▸ EXERCISE REQUIREMENTS: Return each entry below exactly. Skip the images.

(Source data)
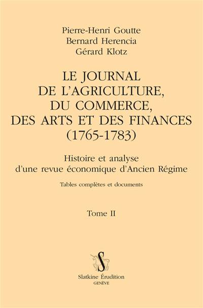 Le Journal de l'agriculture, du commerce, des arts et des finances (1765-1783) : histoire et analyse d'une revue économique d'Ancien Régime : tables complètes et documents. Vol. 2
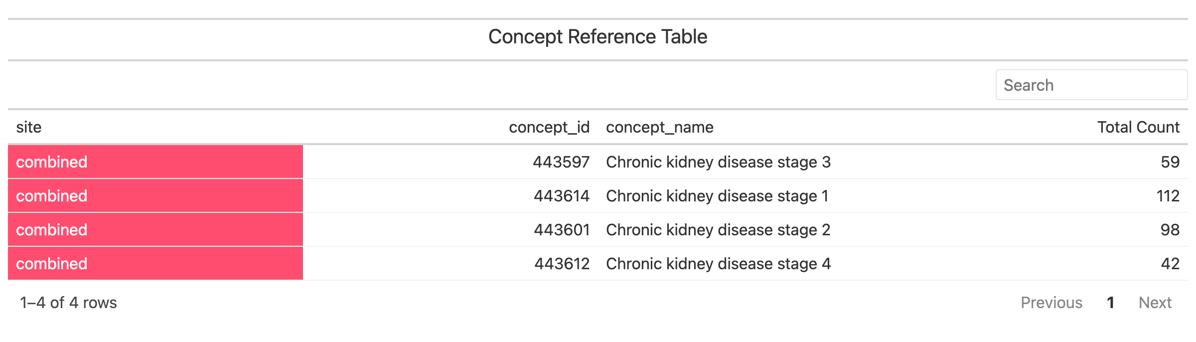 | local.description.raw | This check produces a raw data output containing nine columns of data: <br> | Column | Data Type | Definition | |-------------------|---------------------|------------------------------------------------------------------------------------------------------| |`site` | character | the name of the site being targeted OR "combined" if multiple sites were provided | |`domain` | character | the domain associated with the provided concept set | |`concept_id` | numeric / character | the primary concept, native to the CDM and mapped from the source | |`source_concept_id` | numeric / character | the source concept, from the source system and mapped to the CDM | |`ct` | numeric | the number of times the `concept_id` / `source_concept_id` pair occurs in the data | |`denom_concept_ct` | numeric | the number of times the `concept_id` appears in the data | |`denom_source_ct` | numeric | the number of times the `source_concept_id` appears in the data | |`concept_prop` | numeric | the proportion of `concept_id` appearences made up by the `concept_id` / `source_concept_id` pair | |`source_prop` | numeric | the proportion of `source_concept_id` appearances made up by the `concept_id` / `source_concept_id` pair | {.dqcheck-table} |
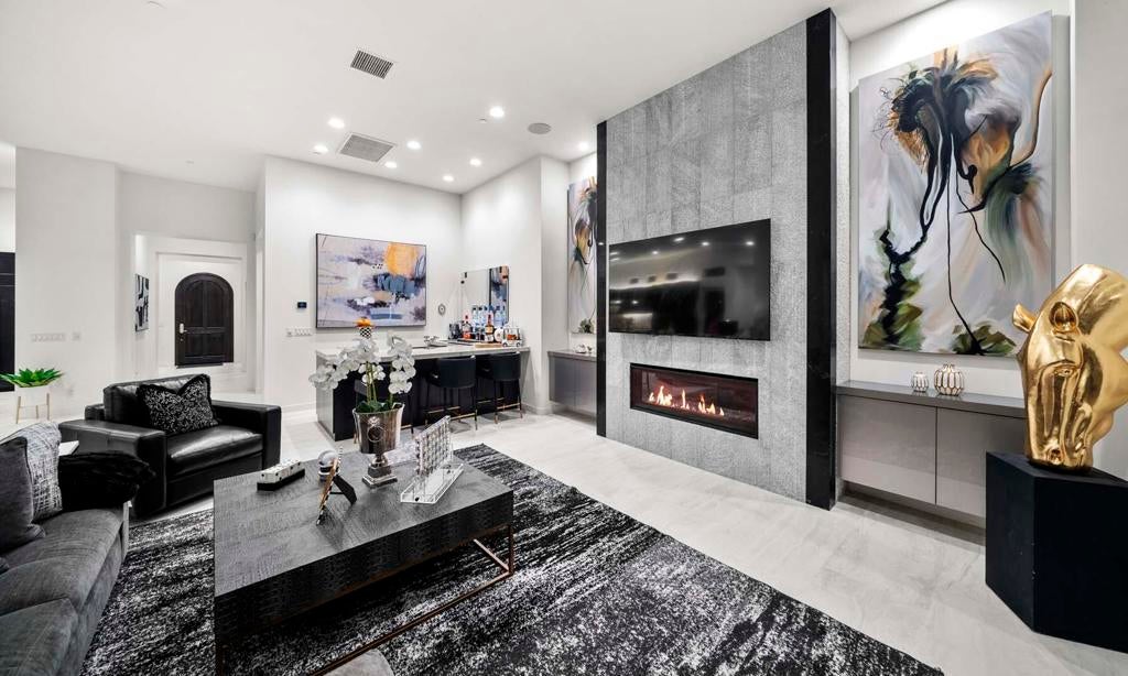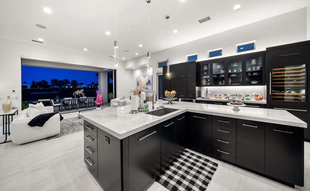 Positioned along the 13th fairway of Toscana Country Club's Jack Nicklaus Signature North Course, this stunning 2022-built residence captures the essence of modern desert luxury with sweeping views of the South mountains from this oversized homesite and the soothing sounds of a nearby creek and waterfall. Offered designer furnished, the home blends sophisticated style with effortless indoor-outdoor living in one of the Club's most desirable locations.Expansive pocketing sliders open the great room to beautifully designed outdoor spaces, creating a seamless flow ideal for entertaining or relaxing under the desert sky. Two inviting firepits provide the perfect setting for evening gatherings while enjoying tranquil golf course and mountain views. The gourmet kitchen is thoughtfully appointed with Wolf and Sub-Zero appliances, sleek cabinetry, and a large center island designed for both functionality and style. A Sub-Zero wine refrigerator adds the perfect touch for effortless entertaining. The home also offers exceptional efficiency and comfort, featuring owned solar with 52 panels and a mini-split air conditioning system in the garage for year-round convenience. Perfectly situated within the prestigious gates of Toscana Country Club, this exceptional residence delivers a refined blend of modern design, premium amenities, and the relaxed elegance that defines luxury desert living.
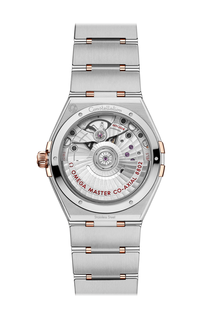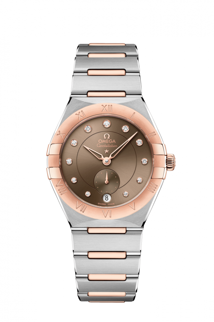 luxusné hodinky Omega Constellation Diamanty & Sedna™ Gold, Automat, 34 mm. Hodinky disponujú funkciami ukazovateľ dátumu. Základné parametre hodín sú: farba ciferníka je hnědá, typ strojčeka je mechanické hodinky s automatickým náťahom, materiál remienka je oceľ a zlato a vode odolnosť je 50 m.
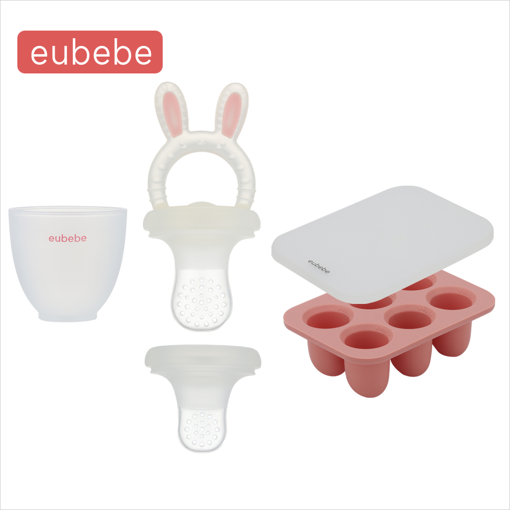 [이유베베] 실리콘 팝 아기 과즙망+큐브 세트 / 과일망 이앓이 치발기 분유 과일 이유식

▸ ANSWER FOR THIS EXERCISE:
 Le Journal de l'agriculture, du commerce, des arts et des finances (1765-1783) : histoire et analyse d'une revue économique d'Ancien Régime : tables complètes et documents. Vol. 2
 | local.description.raw | This check produces a raw data output containing nine columns of data: <br> | Column | Data Type | Definition | |-------------------|---------------------|------------------------------------------------------------------------------------------------------| |`site` | character | the name of the site being targeted OR "combined" if multiple sites were provided | |`domain` | character | the domain associated with the provided concept set | |`concept_id` | numeric / character | the primary concept, native to the CDM and mapped from the source | |`source_concept_id` | numeric / character | the source concept, from the source system and mapped to the CDM | |`ct` | numeric | the number of times the `concept_id` / `source_concept_id` pair occurs in the data | |`denom_concept_ct` | numeric | the number of times the `concept_id` appears in the data | |`denom_source_ct` | numeric | the number of times the `source_concept_id` appears in the data | |`concept_prop` | numeric | the proportion of `concept_id` appearences made up by the `concept_id` / `source_concept_id` pair | |`source_prop` | numeric | the proportion of `source_concept_id` appearances made up by the `concept_id` / `source_concept_id` pair | {.dqcheck-table} |
 Positioned along the 13th fairway of Toscana Country Club's Jack Nicklaus Signature North Course, this stunning 2022-built residence captures the essence of modern desert luxury with sweeping views of the South mountains from this oversized homesite and the soothing sounds of a nearby creek and waterfall. Offered designer furnished, the home blends sophisticated style with effortless indoor-outdoor living in one of the Club's most desirable locations.Expansive pocketing sliders open the great room to beautifully designed outdoor spaces, creating a seamless flow ideal for entertaining or relaxing under the desert sky. Two inviting firepits provide the perfect setting for evening gatherings while enjoying tranquil golf course and mountain views. The gourmet kitchen is thoughtfully appointed with Wolf and Sub-Zero appliances, sleek cabinetry, and a large center island designed for both functionality and style. A Sub-Zero wine refrigerator adds the perfect touch for effortless entertaining. The home also offers exceptional efficiency and comfort, featuring owned solar with 52 panels and a mini-split air conditioning system in the garage for year-round convenience. Perfectly situated within the prestigious gates of Toscana Country Club, this exceptional residence delivers a refined blend of modern design, premium amenities, and the relaxed elegance that defines luxury desert living.
 luxusné hodinky Omega Constellation Diamanty & Sedna™ Gold, Automat, 34 mm. Hodinky disponujú funkciami ukazovateľ dátumu. Základné parametre hodín sú: farba ciferníka je hnědá, typ strojčeka je mechanické hodinky s automatickým náťahom, materiál remienka je oceľ a zlato a vode odolnosť je 50 m.
 [이유베베] 실리콘 팝 아기 과즙망+큐브 세트 / 과일망 이앓이 치발기 분유 과일 이유식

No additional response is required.